— Exercise requirements —
The copy should begin at the line containing "- Exterior: Balcony, BBQ" and end with the last line below, every line exact and no picture included.

Segment Start: Supplied data

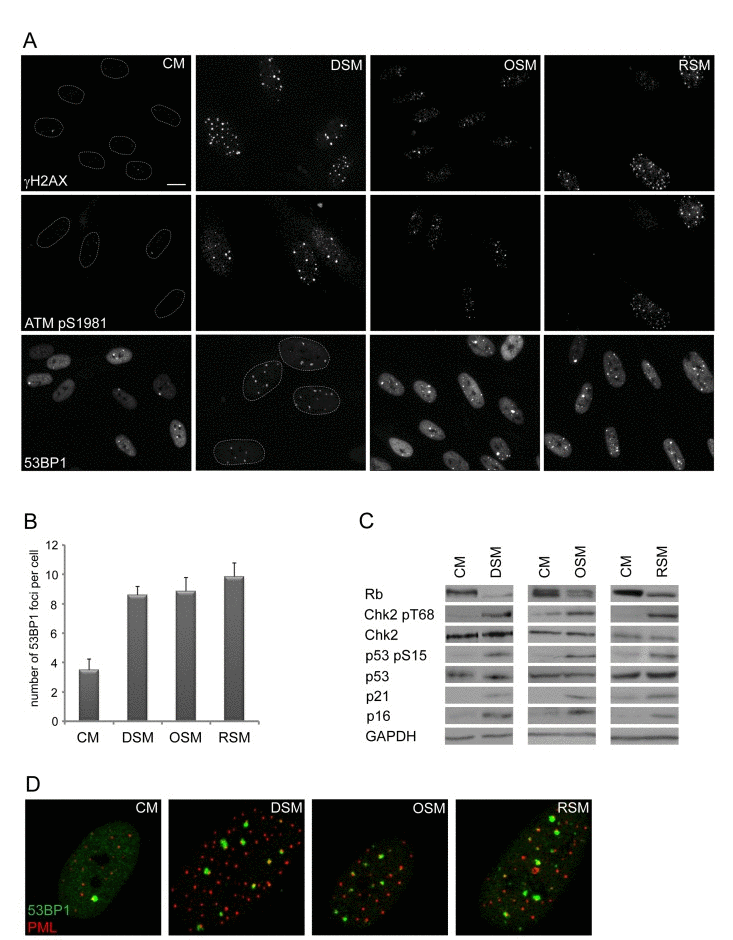 To analyze this phenomenon in more detail, we first asked whether cells undergoing senescence induced by any of the three major triggers: replication, activated oncogenes or genotoxic drugs possess analogous potential to induce DNA damage in neighboring cells. We exposed human normal BJ fibroblasts grown at relatively low passage (30 population doublings) to culture media partly enriched (1:1) by conditioned media of BJ cells brought to senescence either by genotoxic stress induced by etoposide (drug-induced senescence, DIS), activated H-RasV12E (oncogene-induced senescence; OIS; [54]) or exhaustion of replicative potential (replicative senescence; RS; population doubling 80; see Supplementary Figure 1B-E for characterization of “parental” senescent cells). Intriguingly, the exposure of ‘young’ BJ cells to any of the three types of senescence-conditioned media resulted in increased numbers of nuclear γH2AX foci. The elevation of γH2AX foci and total level of γH2AX was apparent from day 2 after transfer of cells to ‘senescent’ media and persisted at least to day 20 of continuous exposure as exemplified in Fig. 1A for DIS-BJ, RS-BJ and OIS-BJ conditioned media. Serine 1981 phosphorylated ATM, an active form of a kinase involved in serine 139 phosphorylation of H2AX [55], was also elevated in exposed BJ cells and accumulated in DNA damage nuclear foci, as well as 53BP1 (see Figs. 1A, B for foci quantification), another factor participating in DNA DSB sensing and repair [56]. Furthermore, increased levels of activated forms of two ATM substrates involved in activation of cell cycle checkpoints, checkpoint kinase Chk2 [57] and tumor suppressor p53 [58, 59], were detected in cells exposed to all three types of senescence-conditioned media followed from day 10 and continuing to day 20 (Fig. 1C) using antibodies against phospho-threonine 68 of Chk2 and phospho-serine 15 of p53, respectively. Note that the 53BP1/γH2AX nuclear foci co-associated with PML nuclear bodies (Fig. 1D), a feature characteristic for persistent DNA damage lesions [60-63], termed DNA-SCARS [64]. Besides normal human fibroblasts, we observed similar effects of DIS-conditioned medium inducing ‘paracrine’ DNA damage in U2OS cells (Suppl. Figs. 2A-C show that to induce drug-induced senescence in U2OS cells, a combination of 10 μM BrdU and 10 μM DMA were used, as previously described [24]). Clastogenic effect of the DIS secretome was further supported by appearance of enhanced micronucleation in U2OS cells exposed to senescent-conditioned medium (Suppl. Fig. 2D). Notably, no micronuclei were observed in any of the three types of bystander BJ cells.
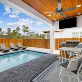 - Exterior: Balcony, BBQ PitGrill, Columns, Fenced Back Yard, Fenced Privacy, Lawn Pump, Patio Open, Pool - Heated, Pool - In-Ground, Porch, Shower, Sprinkler System, Summer Kitchen
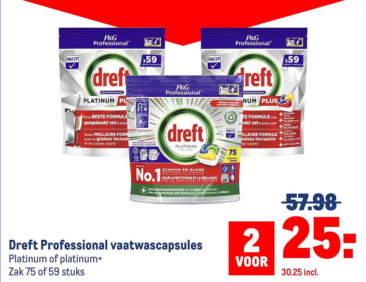 Bekijk de Dreft Professional Vaatwascapsules aanbieding bij Makro! Deze fantastische aanbieding is nu beschikbaar in de nieuwste Makro folder. Profiteer van deze kans en bespaar flink op je aankoop.
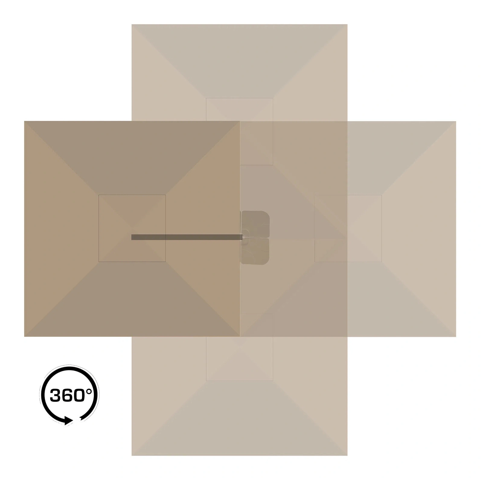 - Velký průměr cca 295 cm – poskytuje široký stín pro zahradní stůl nebo odpočinkovou sestavu a zvyšuje pohodlí při relaxaci venku.

Segment End: Supplied data

— Your solution —
 - Exterior: Balcony, BBQ PitGrill, Columns, Fenced Back Yard, Fenced Privacy, Lawn Pump, Patio Open, Pool - Heated, Pool - In-Ground, Porch, Shower, Sprinkler System, Summer Kitchen
 Bekijk de Dreft Professional Vaatwascapsules aanbieding bij Makro! Deze fantastische aanbieding is nu beschikbaar in de nieuwste Makro folder. Profiteer van deze kans en bespaar flink op je aankoop.
 - Velký průměr cca 295 cm – poskytuje široký stín pro zahradní stůl nebo odpočinkovou sestavu a zvyšuje pohodlí při relaxaci venku.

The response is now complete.